Introducing the Rejected Plea Agreement
Probative/Prejudicial

Even if it gets past both hearsay and relevance objections, the proposed introduction of the rejected plea offer must have its probative value balanced against its possible prejudicial and misleading effect upon the fact finder. The two possible matters for which the rejected plea agreement could be offered are for proof of the prosecution's perception that its case has weaknesses and “the mere existence of a favorable plea offer is some evidence of an innocent state of mind by the defendant.”

The actual strength or weakness of the case will play itself out in front of the finder of fact. The prosecutor's perception of the case's strength does not change the strength of the evidence presented. Introducing the rejected plea agreement for the purpose of showing that the prosecutor thought the case was weak is asking the fact finder to substitute the prosecutor's judgment for his/their own. The prosecutor's perception adds nothing to the actual evidence and has a substantial risk of prejudicing or misleading the fact finder by inviting him/them to adopt the prosecutor's perception rather than coming to a conclusion based solely upon the facts.

The rejection of the plea offer as proof of the defendant's innocent state of mind is problematic. Anyone who has done defense work has seen defendants turn down all sorts of favorable deals for reasons other than innocence.
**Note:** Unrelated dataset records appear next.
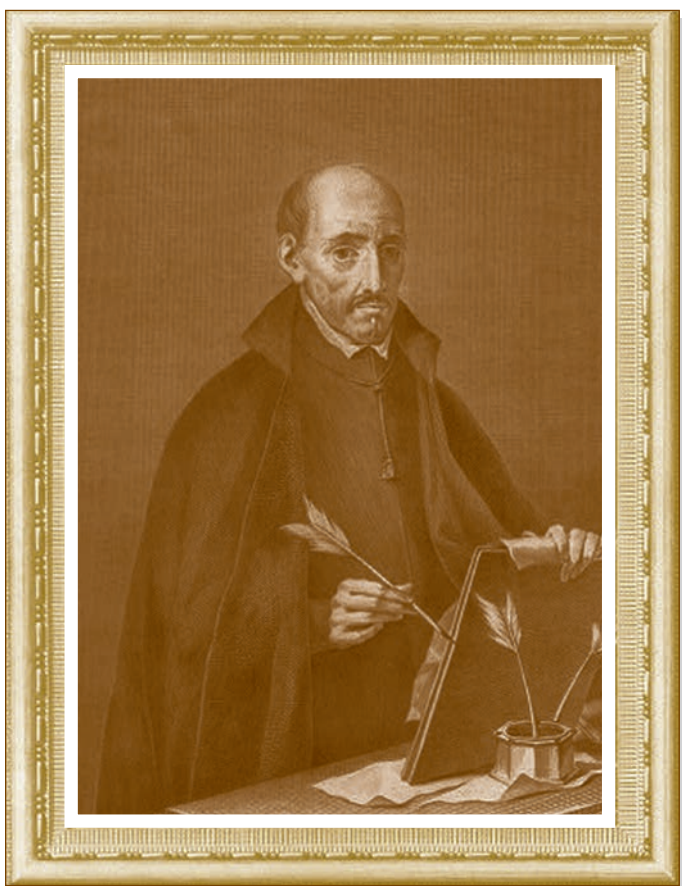
Grabado del escritor y poeta cordobés, Luis de Góngora y Argote (1561-1627).

El Teatro Auditorio Federico García Lorca, el Centro de Arte Ciudad de Getafe, la Iglesia Catedral Santa María Magdalena y la Iglesia de PP Escolapios recogerán la mayoría de las obras clásicas y los conciertos de antigua y sacra. Otros espectáculos y expresiones artísticas pasarán a las Parroquias de Cerro Buenavista, San Sebastián, San Eugenio, Justo y Pastor y a los Centros Cívicos y Centro de Poesía, mientras que el mercado de época volverá a ocupar la calle Ramón y Cajal y aledaños.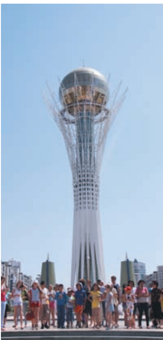
Граждане Казахстана с оптимизмом смотрят в будущее

Учитывая, что новые задачи требуют качественно новых исполнителей, президент Казахстана в своей статье «Социальная модернизация Казахстана: Двадцать шагов к обществу всеобщего труда» наметил основные пути изменения общества. Как он считает, новые производства, новые системы образования и науки, развитие среднего класса, расширение социальных гарантий вызовут большие изменения в сознании граждан. Глава государства уверен, что «процесс модернизации сопровождается усилением активности граждан, раскрытием их творческого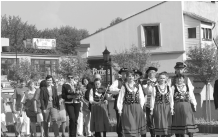
Uroczysty przemarsz.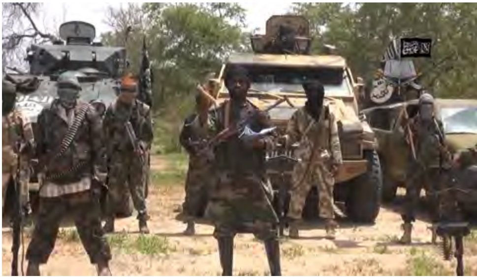
Boko Haram es uno de los grupos terroristas más activos en el África subsariana.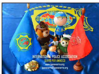
1 er clasificado

Aquí tienes las imágenes con los tres primeros clasificados.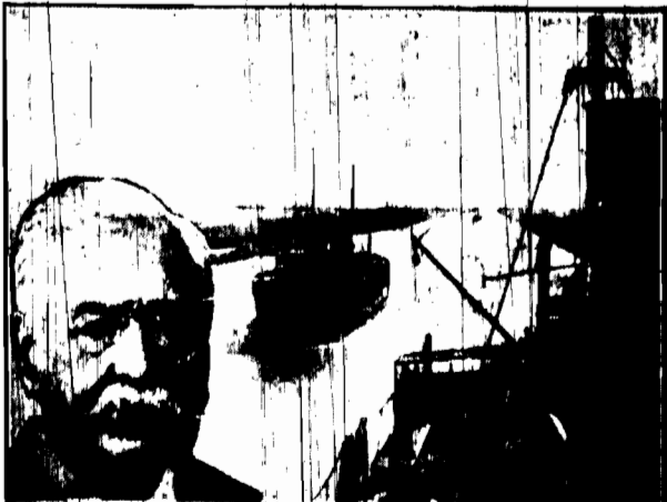
70 lat temu, 25 kwietnia Lesseps rozpoczęła budowę kanału od morza do morza...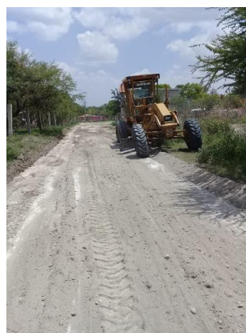
CALLE LA CRUZ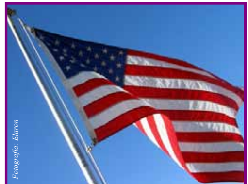
Tomar ciudadanía nueva es tomar aprecio por un nuevo suelo

Programa de comidas escolares, en Internet http://www.fns.usda.gov/cnd/sp-default.htm

Among the more unusual ones I ran across were the beliefs that mispelling a name on an indictment meant the prosecution could not convict and an abiding belief that the UCC denied the Commonwealth of Virginia the ability to prosecute for criminal failure to pay child support. More common are defendants who don't believe certain witnesses will testify against them; defendants who don't want to do any time (they will turn down 6 months despite being told they will get 2 years if they go to trial); defendants refusing the plea offer today because it would require them to go to jail today (in effect buying an extra couple months on the street with years in prison; defendants who feel like any conviction will destroy their lives/jobs; &cetera. Often, the choice to reject the plea offer and go to trial is irrational. Professor Miller even acknowledges this phenomenon:
It is well established that guilty defendants as a class are unusually prone to risk taking because, inter alia, a criminal history suggests a preference for gambling, just as it suggests that the defendant fears punishment less than most people. Conversely, risk aversion is a much more plausible assumption where innocent defendants are concerned (especially those with relatively clean records). Therefore, critics…claim that plea bargaining coerces a significant percentage of innocent defendants to convict themselves in exchange for a certain, reduced penalty.
With all this in mind, there is no basis for stating that rejecting a plea offer is indicative of either a belief in innocence or actual innocence. In fact, per Professor Miller's statement supra it appears that rejecting a plea agreement actually tends to show guilt more than innocence. With that in mind, offering the rejected plea offer as proof of the defendant's innocence has a strong potential to mislead the finder of fact.

Under both possible uses of the rejected plea agreement the potential toward prejudice and misleading the finder of facts is greater than any actual evidence putatively to be found in the offer.